Important tips for deployment of an indie project in docker-compose:

Need to always define healthcheck endpoint to allow Docker restart a container if something happened like OOM or other problem with a service. Also this endpoint allows to quickly see service status in the docker ps output.
Docker Hub allows to host only one private repository for docker images for free which means that if I have multiple projects I need to buy premium plan on Docker Hub. But if use docker image tag as not version but as service name like I did: weaxme/pet-project:ai-business-founder-latest, Docker Hum allows to host infinity number of pet projects on the free plan. Because image tag is a service name and version instead of docker registry policy to keep service name before image tag. ## Key Learnings

The AI Founder product wasn't a product which earned some money but it provided me valuable learnings which I will use in my next developments.

Technologies Decisions

After developing a project I would like to change these things next time:

JavaScript -> TypeScript - I decided to use JS instead of TS on the start of a project to speed up development but it was a huge mistake because a project very quickly became complex and types would simplify development a lot. So next time I will simply use TS from the start.
Supabase -> Postgres - I decided to use Supabase to minimize infrastructure configuration by myself but it was a huge mistake. I did a vendor locking with very strict limits provided by Supabase and that flow for user registration simply didn't work and simple so well as I expected. Next time I will just use Postgres and implement user registration flow by myself. Even more I already configured for myself infrastructure in VPS which is cheap and reusable without any strict vendor limits.
Digital Ocean -> Hetzner - while Digital Ocean is pretty good and significantly cheaper than Vercel or AWS I found that Hetzner is cheaper than Digital Ocean. And I already built an infrastructure for myself in Hetzner for my next projects.

Product Idea Validation

While I was working on the product to validate business idea I validated an idea of this product with Custom GPT - Product Idea Analyzer which I developed in June 2024. It showed promising results and I didn't check anything. This was huge mistake because users just didn't see any value in my product for which them are ready to pay.

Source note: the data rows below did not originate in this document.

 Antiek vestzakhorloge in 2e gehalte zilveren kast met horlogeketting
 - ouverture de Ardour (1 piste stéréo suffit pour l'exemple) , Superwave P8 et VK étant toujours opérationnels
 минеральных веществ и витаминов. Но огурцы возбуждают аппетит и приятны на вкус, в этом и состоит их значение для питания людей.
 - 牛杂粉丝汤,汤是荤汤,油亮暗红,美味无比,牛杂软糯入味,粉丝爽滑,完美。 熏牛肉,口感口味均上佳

I learned that statistical data is not enough to validate product idea and I should speak to clients first. In March 2025 I already tried to sell my AI Founder for 1 month and I realized that I'm doing something wrong that's why I started learning at the ID Accelerator program. It was one of the most important product knowledge which I acquired during last time.

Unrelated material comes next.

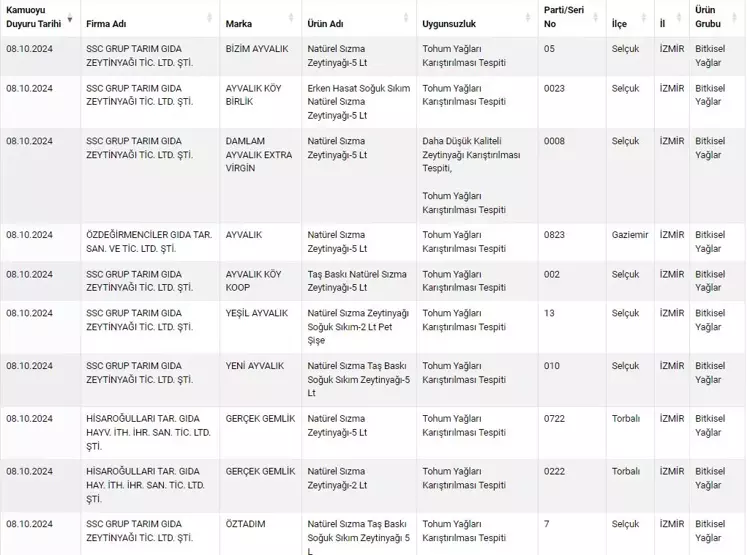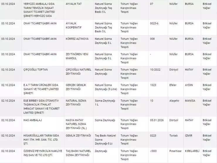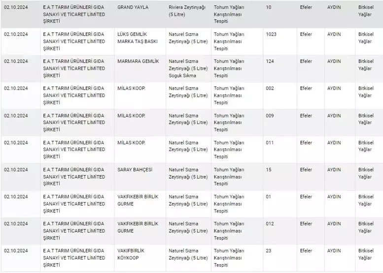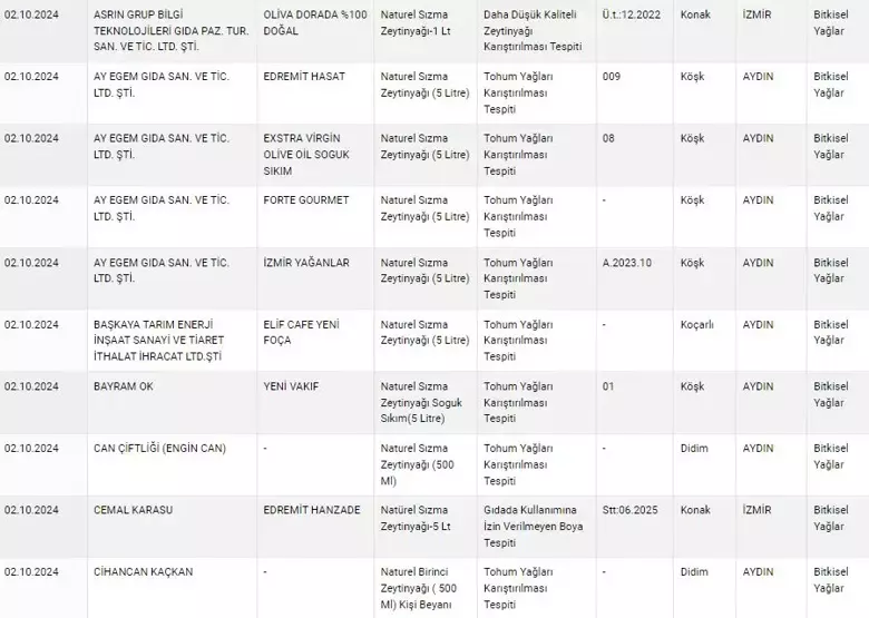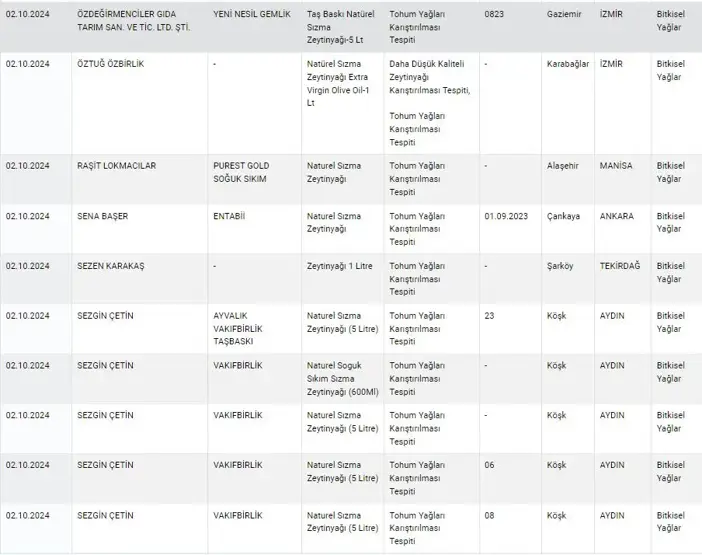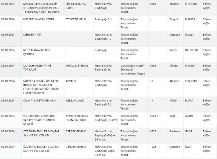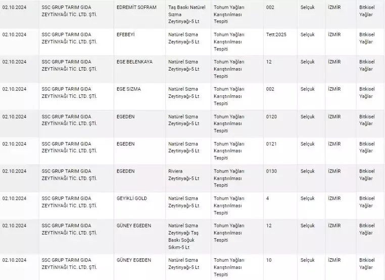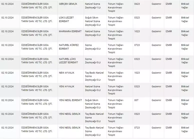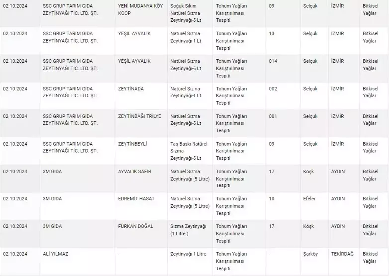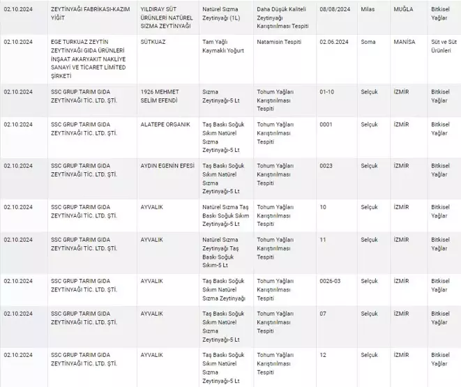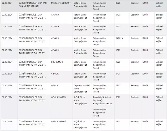 Taklit ve tağşiş yapılan ürünler arasında zeytinyağı dikkat çekiyor. Tespitlere göre, bazı firmalar zeytinyağına tohum yağları ekleyerek ürünlerin saflığını bozdu. Bu durumun, zeytinyağının kalitesini düşürdüğü ve tüketici yanıltıcı olduğu ifade edildi. Listeye dahil edilen zeytinyağı markalarının, "gerçek" veya "hakiki" gibi ifadeler kullanması, halkın güvenini istismar ettikleri şeklinde yorumlandı.

I shouldn't build anything first, but I should speak with real clients and only after that I should start prototyping a solution

This is completely different approach to build products from my own:

Build product
Try to sell
Fail
Repeat

In this new approach everything becomes differently:

Find customers for interviews
Speak with customers to identify their problems
Prototype a solution for customers
Validate prototype with customers
Build a product

That's it. Building a new product is not about programming it's about:

Understanding of customers and their problems
Marketing
20% programming

Product Decisions

The most important learnings:

Do not build login via email / passoword use OAuth2 instead like Google or Facebook. Too much users truncated my app after didn't receive email in first couple seconds which was a common issue on the start. I just disabled requirement to confirm an email. In next product I will use something like Auth0 from the beginning.
Product features should work good and stable. That's where a new project ai-svc was born.

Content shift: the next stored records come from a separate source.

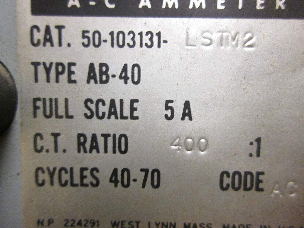 GE Type AB-40 AC Ammeter 50-103131-LSTM2 Range: 0-2000A CT Ratio: 400:1 Used
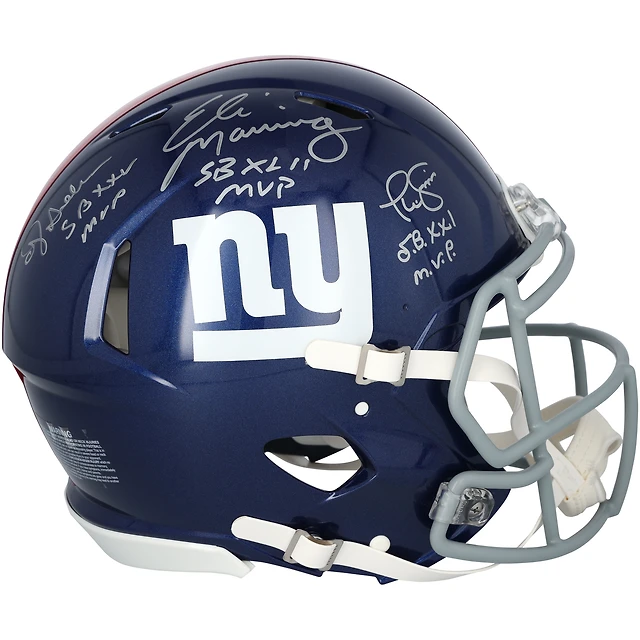 Casque authentique Riddell Speed autographié par Eli Manning, Phil Simms et Otis Anderson des New York Giants avec plusieurs inscriptions MVP du Super Bowl
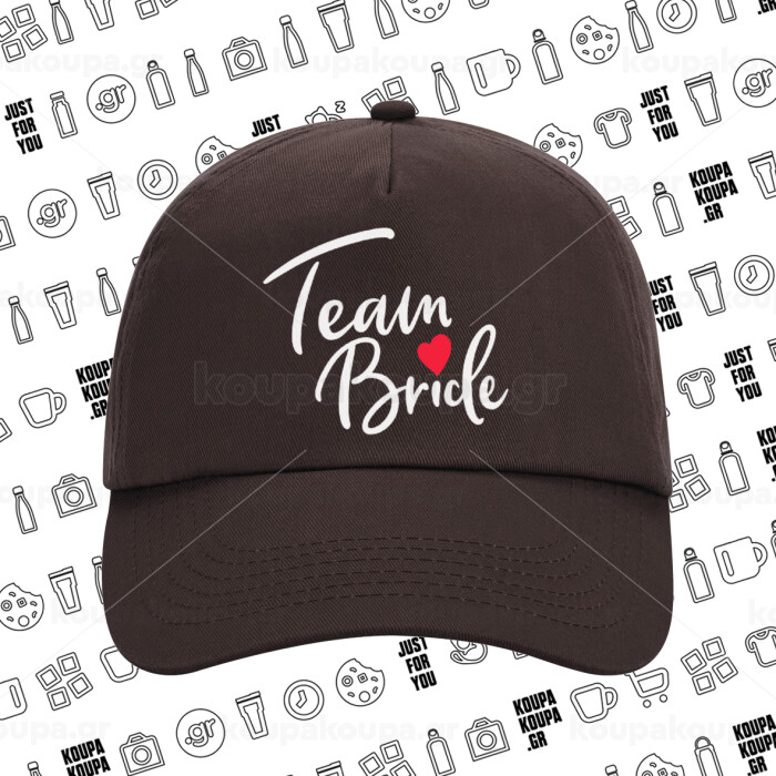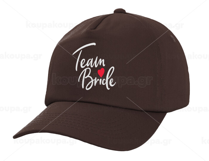 Team Bride red heart, Adult Baseball Cap, 100% Cotton, Chocolate (COTTON, ADULT, UNISEX, ONE SIZE)
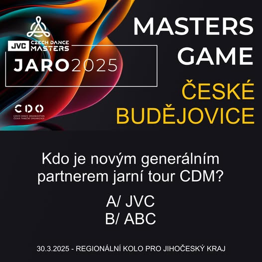 👾👾👾 DNES HRAJEME MASTERS GAME 👾👾👾 POZOR - DNES SOUTĚŽÍME O 1 VOLNOU VSTUPENKU NA REGION V ČESKÝCH BUDĚJOVICÍCH 🤩 Zapoj se a vyhraj volnou vstupenku na soutěž pro sebe, nebo třeba pro svého fanouška! Ještě dnes večer vyhlásíme vítěze, tak lajkuj, sdílej a odpověz správně na otázku - můžeš vyhrát vstupenku na svou oblíbenou soutěž Czech Dance Masters ❤️ PRAVIDLA MASTERS GAME: ✔️Do komentářů napiš správnou odpověď na danou soutěžní otázku 💪 ✔️Dej tomuto příspěvku LIKE 💪 ✔️Sdílej tento příspěvek VEŘEJNĚ na svém profilu 💪 Už dnes ve 21:00 vylosujeme jednoho z Vás, který odpoví správně na soutěžní otázku, a zároveň splní pravidla soutěže. Výherce získá po jedné vstupence. Vstupenka na Vás bude čekat u vstupu. NEVÁHEJ A ZAPOJ SE DO SOUTĚŽE I TY 🫵 Pořadatelem soutěže je Czech Dance Masters. Soutěž není žádným způsobem provozována, sponzorována nebo spojena s Instagramem a ani Facebookem a Instagram či Facebook za ni neručí. #czechdancemasters #mastersgame #volnavstupenka #soutez (fb)
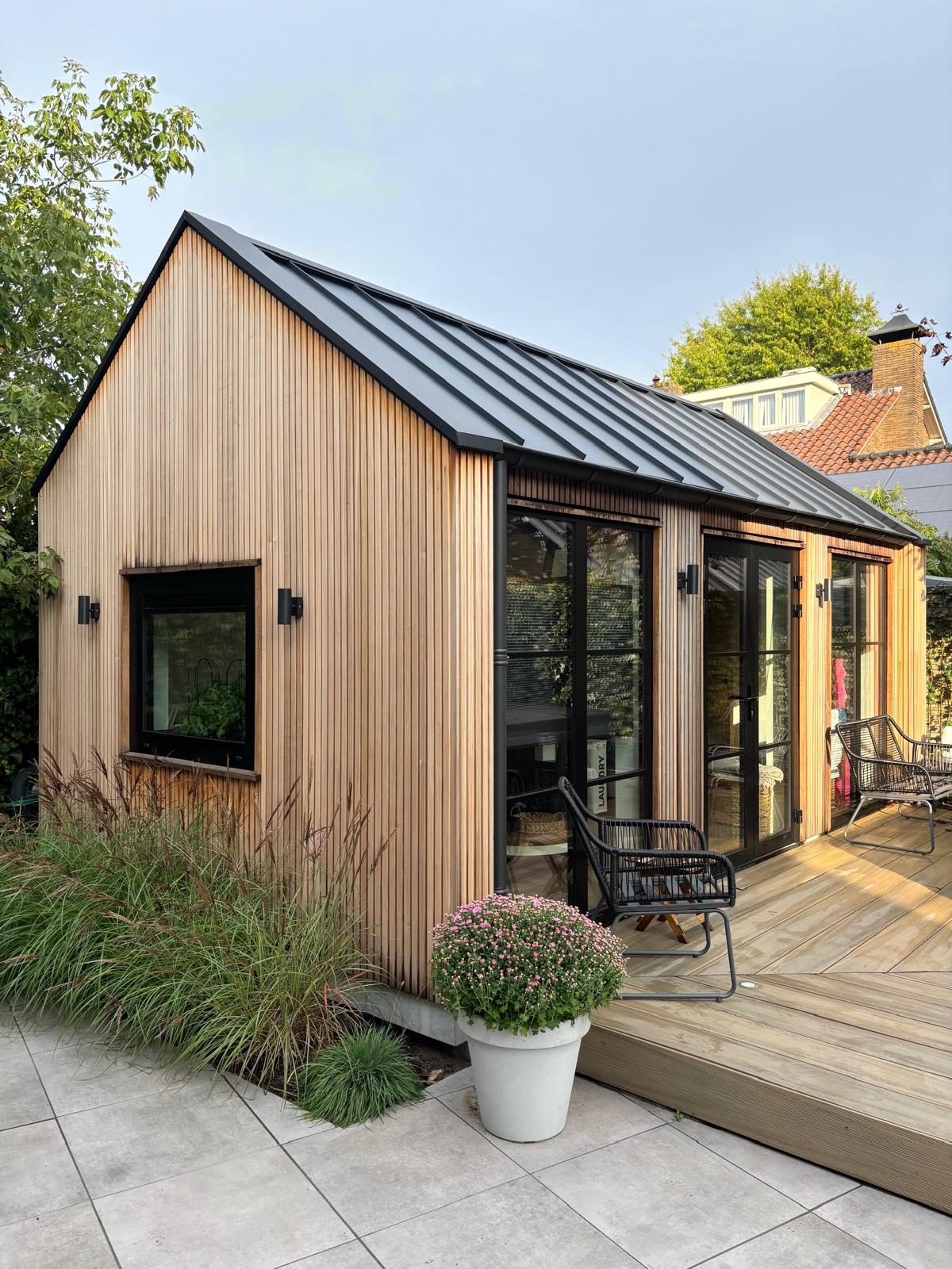 In Huizen realiseerden we dit luxe, compacte huisje met een moderne en minimalistische uitstraling. De gevel is bekleed met strak geprofileerd Ayous, een duurzame houtsoort met een warme uitstraling en een lange levensduur. Het dak is voorzien van gefelste staalplaten voor een strak lijnenspel en een onderhoudsvriendelijke afwerking. Dankzij de aluminium kozijnen in diepzwart krijgt het geheel een architectonische uitstraling die perfect past bij een moderne tuinomgeving.

Differentiation points in AI product

I think that to make AI product not prompts should bring value but these:

Unique data.
Unique process automation (doesn't have relation to AI but still valid here)

Conclusions

Originally published on my blog: From SaaS to Open Source: The Full Story of AI Founder

AI Founder become for me a project where I learned a lot about AI Engineering and product building. During it I built another product which supposed to be AI infrastructure project. Also I learned that I did product idea validation in the wrong way previously.

I should act as an entrepreneur not as an engineer if I want to execute a successful product.

It's hard to accept for me, I still love to write a code and configure infrastructure too much. As a result of AI Founder is this technical blog where I will publish my new learnings and journey.

Subscribe to my Substack do not miss my new article 😊

References

You can access AI founder on GitHub
Try AI Founder here
Demo is here
ID Accelerator - highly recommend if you want to get product building skills.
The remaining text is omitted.